Women cabbie in New York City I have never seen one in 15 years. At the meeting in Las Vegas for Uber grand opening 6 women out of 165 people in the room where women in the meeting I attended. What is the turnover rate after one year that the question I would like to know. 
In Las Vegas 10,000 cabbies very few ladies perhaps 100 at most.


----------



## chi1cabby (May 28, 2014)

SherpaShare Responds:


----------



## LookyLou (Apr 28, 2014)

Here is an article that was published today in The Seattle Times:

http://seattletimes.com/html/localnews/2024816721_uberlyftfemaledriversxml.html


----------



## Elmoooy (Sep 3, 2014)

well i do know handful of women driver in Charleston Market.. maybe it varies per market> who knows?


----------



## chi1cabby (May 28, 2014)

Can we please get more respondents to this poll.
Thanx!


----------



## buckeye12 (Aug 19, 2014)

I drive for Uber in Columbus OH, and the majority of riders that I get are surprised and say they've never had a woman driver. I've only been driving for three months, but it seems like there are very few female Uber drivers in my area.


----------



## TaninLa (Aug 4, 2014)

duck dodger IV said:


> I bet Lyft/Uber fudges the numbers by totaling all female-sound names and dividing that by all drivers, whether you're inactive or not.

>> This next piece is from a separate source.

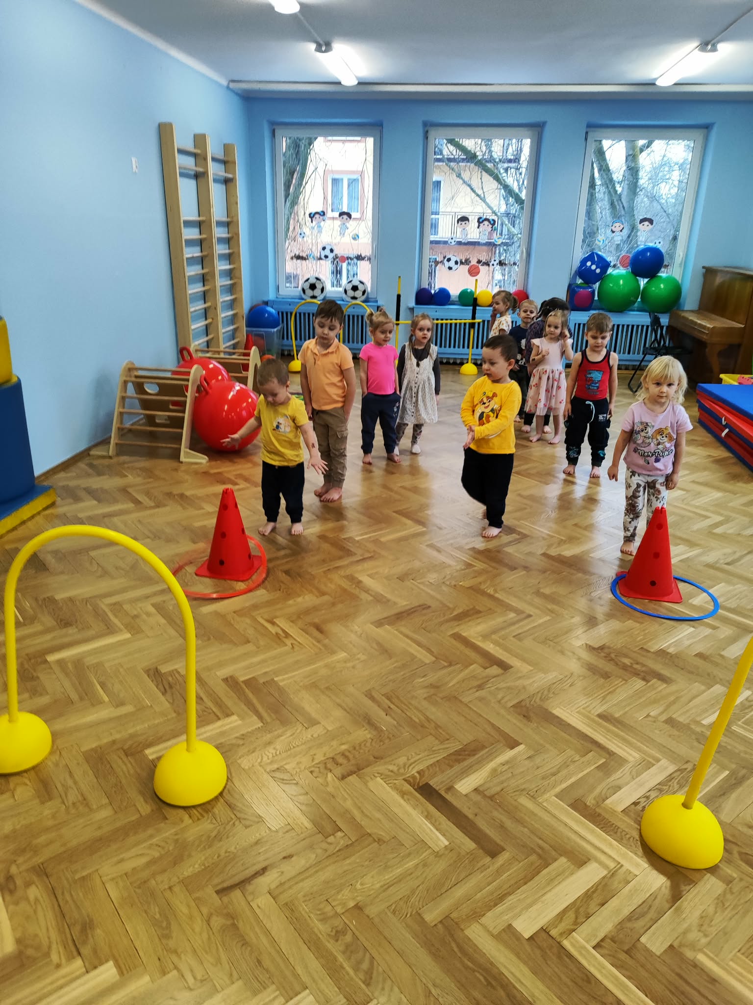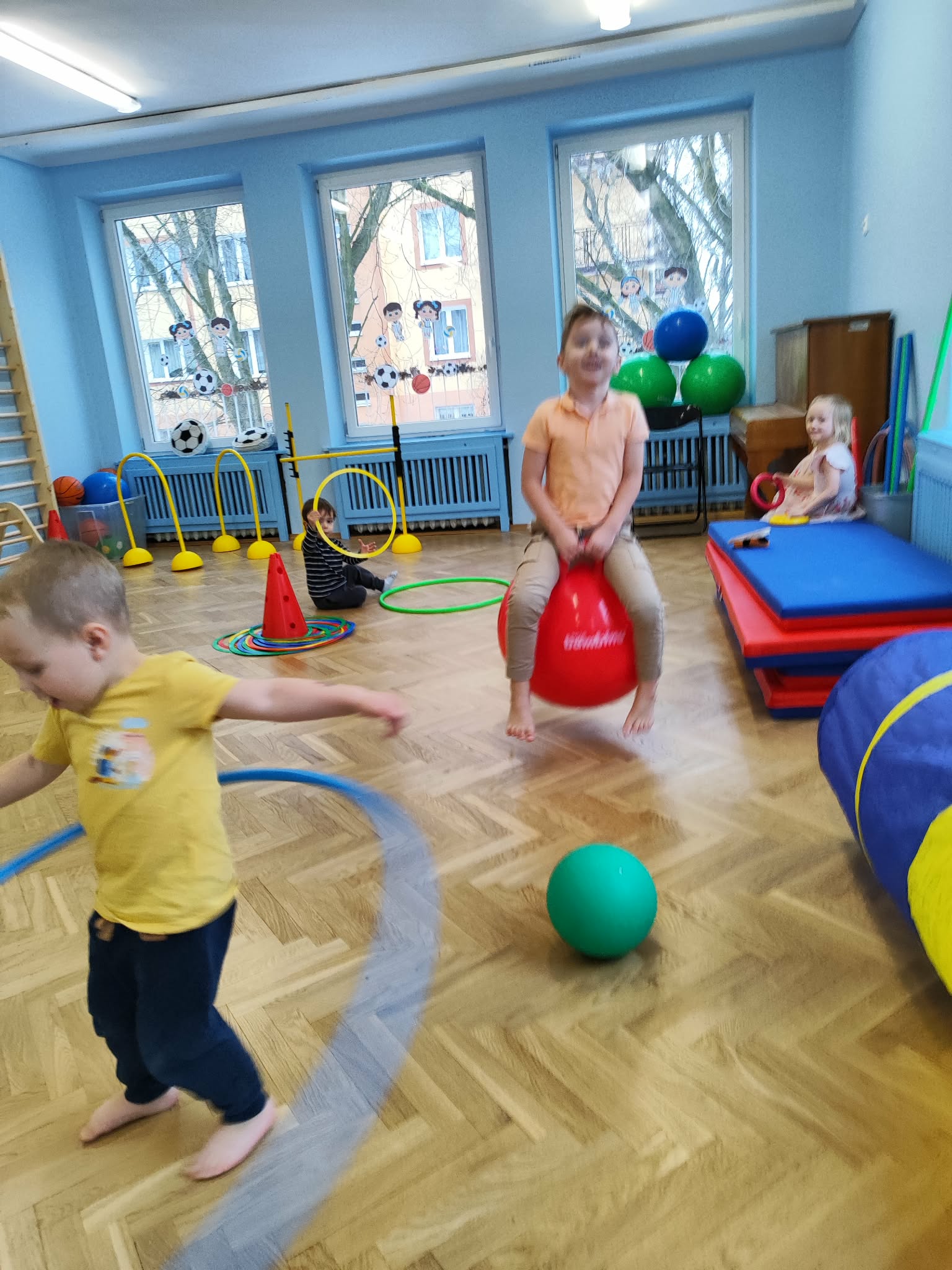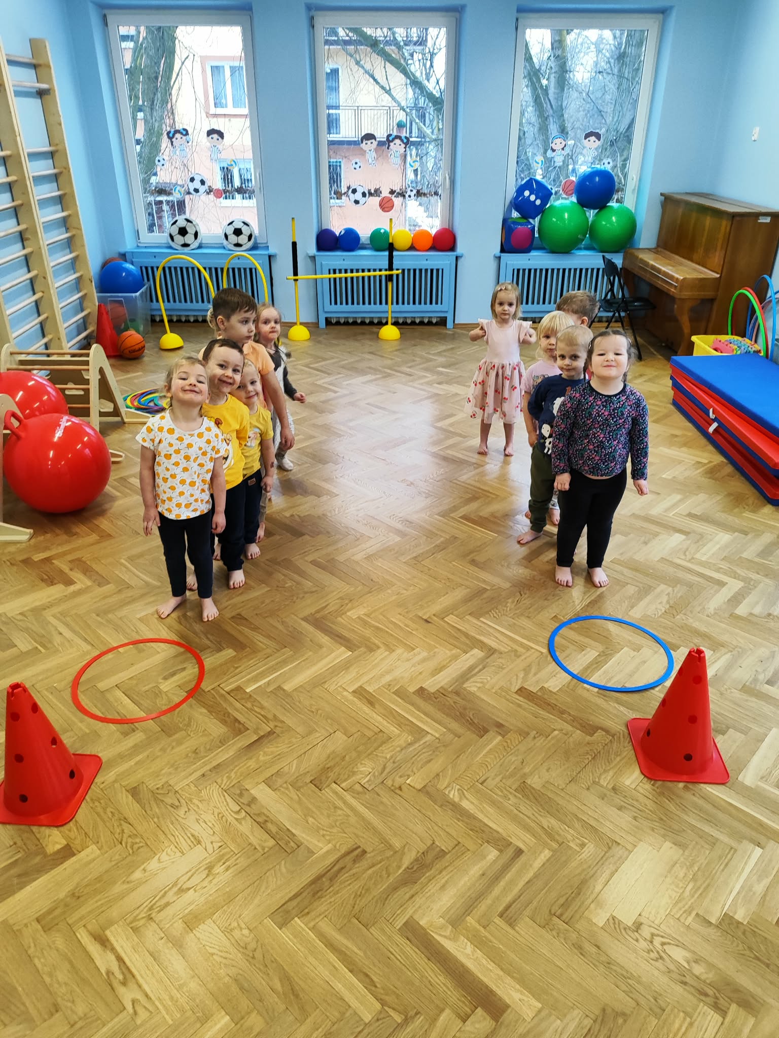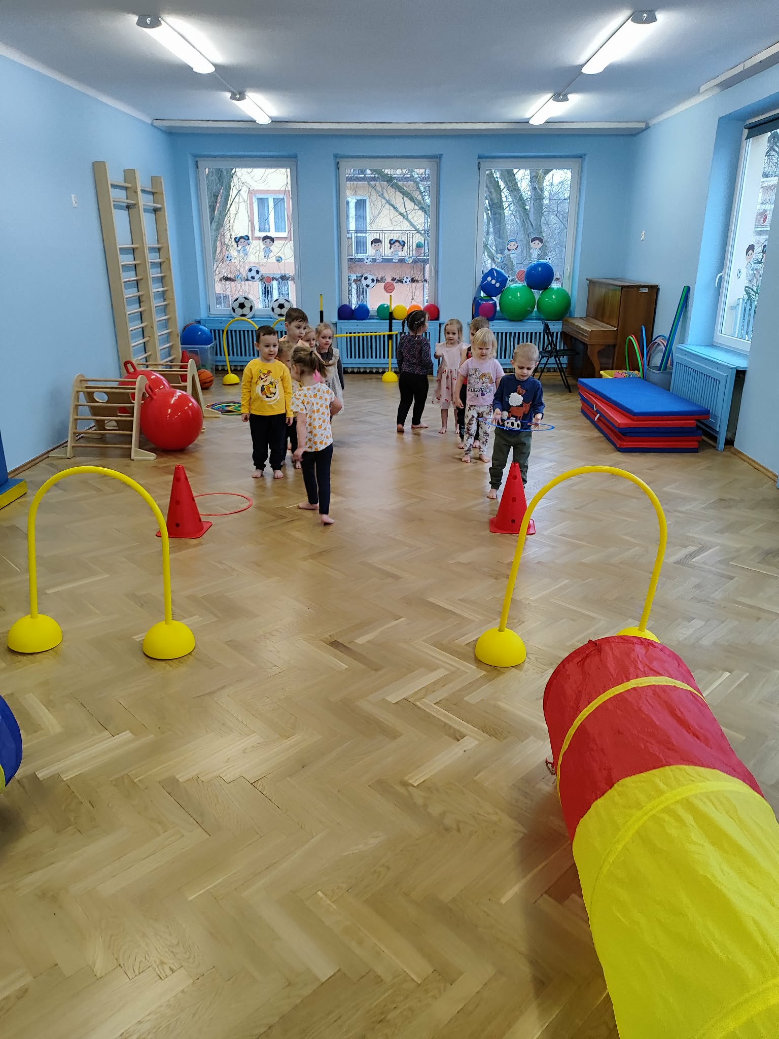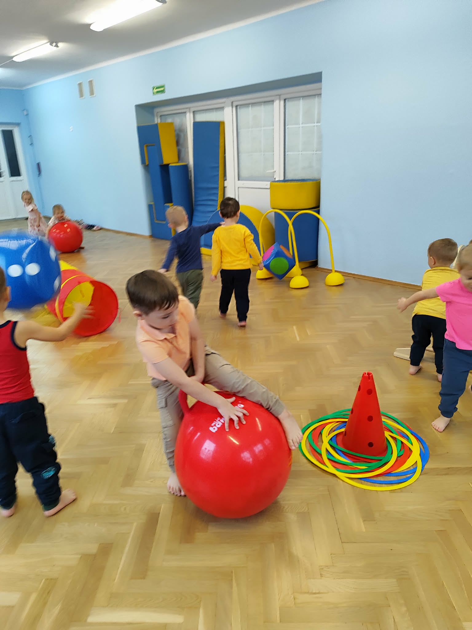 Ruch to zdrowie, dlatego od najmłodszych lat warto dbać o zabawy ruchowe dla dzieci. Maluchy do aktywności nie potrzebują drogiego sprzętu, czy też specjalnych strojów – wystarczy wspaniale urządzona sala gimnastyczna w naszym przedszkolu ;)

I wouldn't doubt that. I've had some drivers I thought were going to be women until they showed up (names like Yeghia and Sharon. - I think these are male Armenian names.)

That said, I haven't had one female driver in L.A. since May. I take Uber about 4x a week. I know that's not a scientific study or anything.


----------



## Goober (Oct 16, 2014)

ernmack33 said:


> I drive for Uber in Columbus OH, and the majority of riders that I get are surprised and say they've never had a woman driver. I've only been driving for three months, but it seems like there are very few female Uber drivers in my area.


I get the same thing...

except for being WHITE....smh


----------



## Sean O'Gorman (Apr 17, 2014)

There is a closed Facebook group for Cleveland Uber-only or Uber/Lyft drivers that has 69 members (giggle), and 23 of them are female, FWIW.


----------



## Driver8 (Jul 29, 2014)

Nashville has a handful, at least, on Black. No idea about X. 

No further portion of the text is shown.